What is required =
Pictures should be excluded; otherwise, copy every entry exactly.
[[ Data provided, beginning ]]
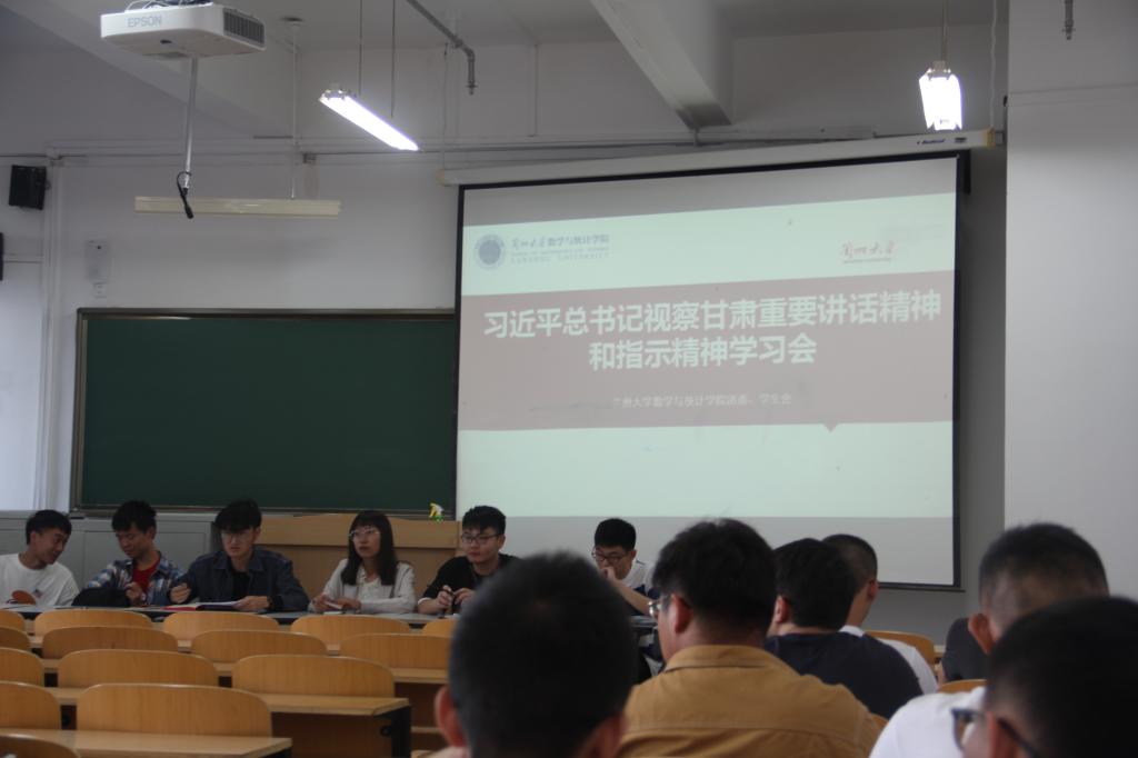 2019年9月1日下午18:00,太阳集团tyc151cc在天山堂A201召开了学习传达习近平总书记视察甘肃重要讲话和指示精神座谈会,参加本次会议的有公司团委员工会全体成员与各年级班委,会议由公司员工会主席申子恒主持。
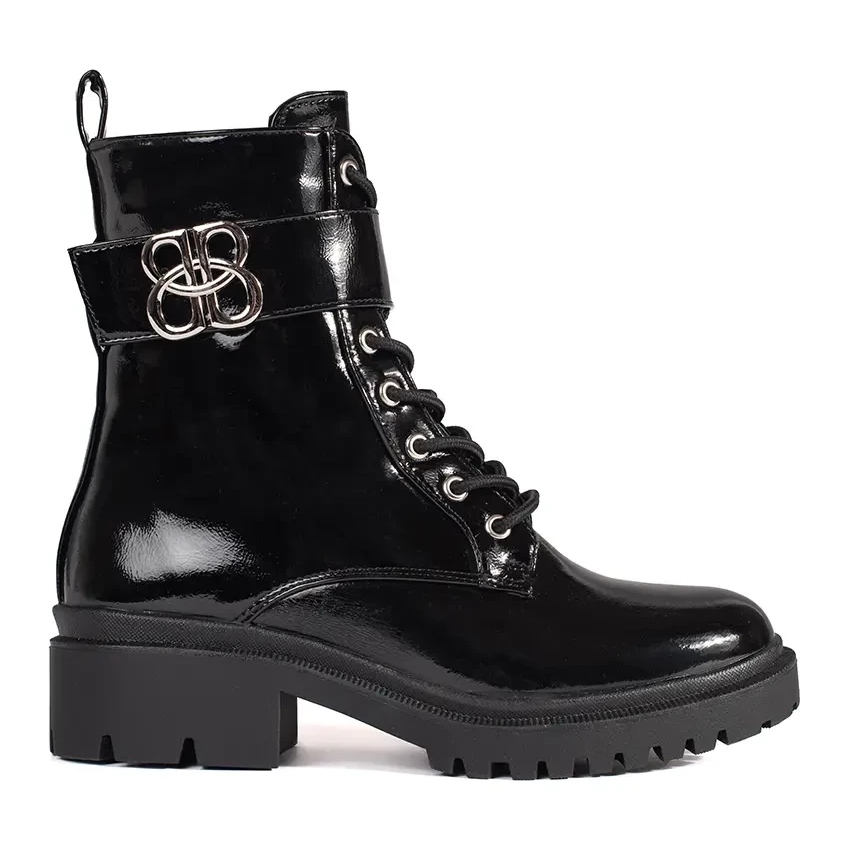 BOOTS BLACK BOOTS MULHERES Os trabalhadores são uma escolha perfeita para todos os fashionistas que querem combinar estilo com conforto. Esses sapatos da moda, feitos de pele ecológica, não apenas se deleitam com sua aparência, mas também se encaixam na idéia de desenvolvimento sustentável, cuidando do meio ambiente. Seu final brilhante e envernizado adiciona um personagem moderno, e a cor preta clássica faz com que essas botas se misturem bem com várias estilizações - do dia a dia a mais elegante.
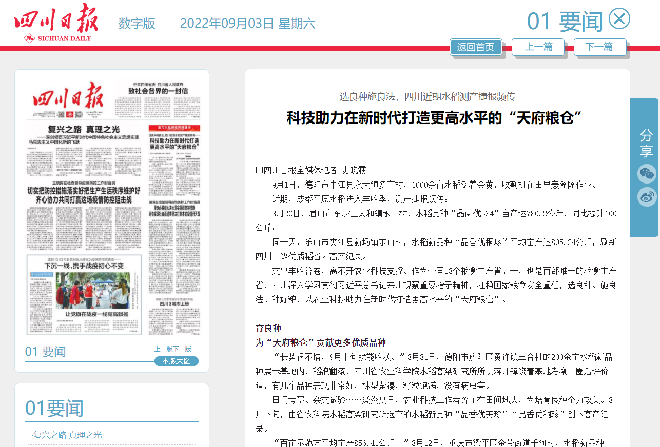 新闻链接:https://epaper.scdaily.cn/shtml/scrb/20220903/280907.shtml
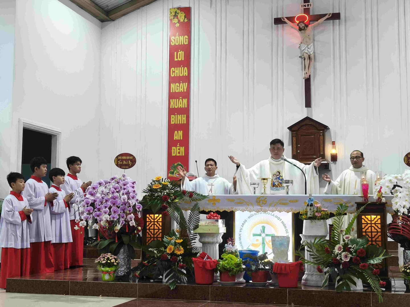 Sau bài giảng, Cha chủ tế đã làm phép và thánh hóa các công cụ lao động qua những sản vật bà con dâng tiến lên Chúa. Thánh lễ được cử hành trong tâm tình sốt sắng, mỗi người dâng lên Chúa những dự định, công việc và ước nguyện của năm mới.
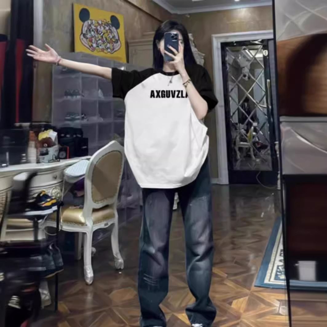 美式oversize插肩短袖t恤女夏季新款复古国潮宽松情侣上衣ins
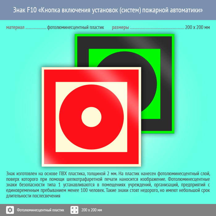 Знак F10 «Кнопка включения установок (систем) пожарной автоматики» на фотолюминесцентном пластике, размером 200х200 мм размещается над кнопкой включения пожарной сигнализации или включения противопожарной установки. Знаки пожарной безопасности изготовлены согласно ГОСТ Р 12.4.026-2015 и предназначены для обозначения мест нахождения средств противопожарной защиты и средств оповещения о возникновении пожара
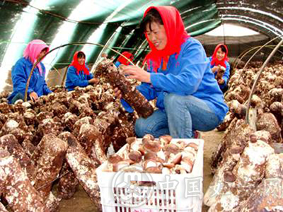 东海县黄川镇菇农正在采摘无公害香菇
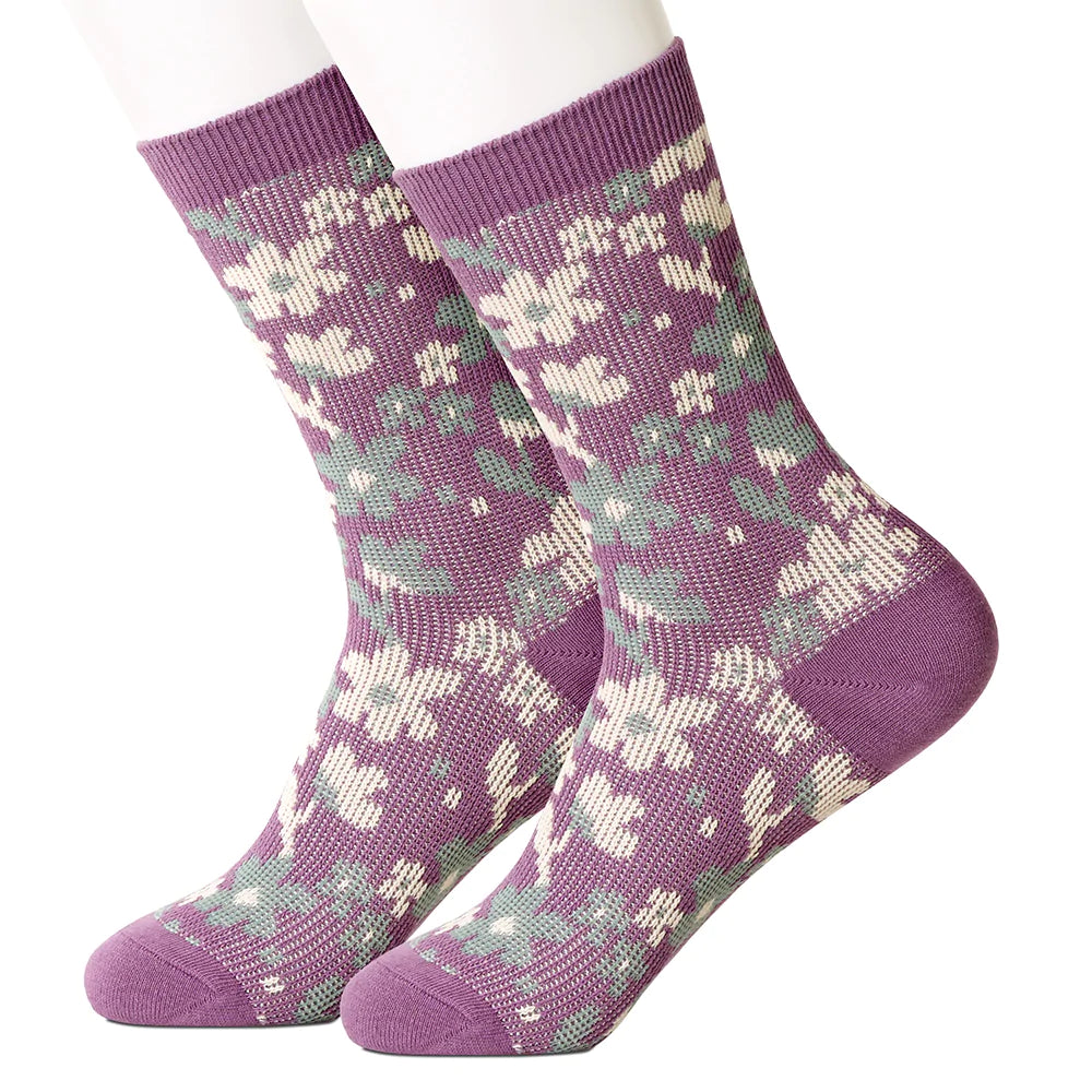 A plethora of white and light blue blossoms adorn these perfectly purple socks. You know you need them!
[[ Data provided, end ]]
Result of the task =
 2019年9月1日下午18:00,太阳集团tyc151cc在天山堂A201召开了学习传达习近平总书记视察甘肃重要讲话和指示精神座谈会,参加本次会议的有公司团委员工会全体成员与各年级班委,会议由公司员工会主席申子恒主持。
 BOOTS BLACK BOOTS MULHERES Os trabalhadores são uma escolha perfeita para todos os fashionistas que querem combinar estilo com conforto. Esses sapatos da moda, feitos de pele ecológica, não apenas se deleitam com sua aparência, mas também se encaixam na idéia de desenvolvimento sustentável, cuidando do meio ambiente. Seu final brilhante e envernizado adiciona um personagem moderno, e a cor preta clássica faz com que essas botas se misturem bem com várias estilizações - do dia a dia a mais elegante.
 新闻链接:https://epaper.scdaily.cn/shtml/scrb/20220903/280907.shtml
 Sau bài giảng, Cha chủ tế đã làm phép và thánh hóa các công cụ lao động qua những sản vật bà con dâng tiến lên Chúa. Thánh lễ được cử hành trong tâm tình sốt sắng, mỗi người dâng lên Chúa những dự định, công việc và ước nguyện của năm mới.
 美式oversize插肩短袖t恤女夏季新款复古国潮宽松情侣上衣ins
 Знак F10 «Кнопка включения установок (систем) пожарной автоматики» на фотолюминесцентном пластике, размером 200х200 мм размещается над кнопкой включения пожарной сигнализации или включения противопожарной установки. Знаки пожарной безопасности изготовлены согласно ГОСТ Р 12.4.026-2015 и предназначены для обозначения мест нахождения средств противопожарной защиты и средств оповещения о возникновении пожара
 东海县黄川镇菇农正在采摘无公害香菇
 A plethora of white and light blue blossoms adorn these perfectly purple socks. You know you need them!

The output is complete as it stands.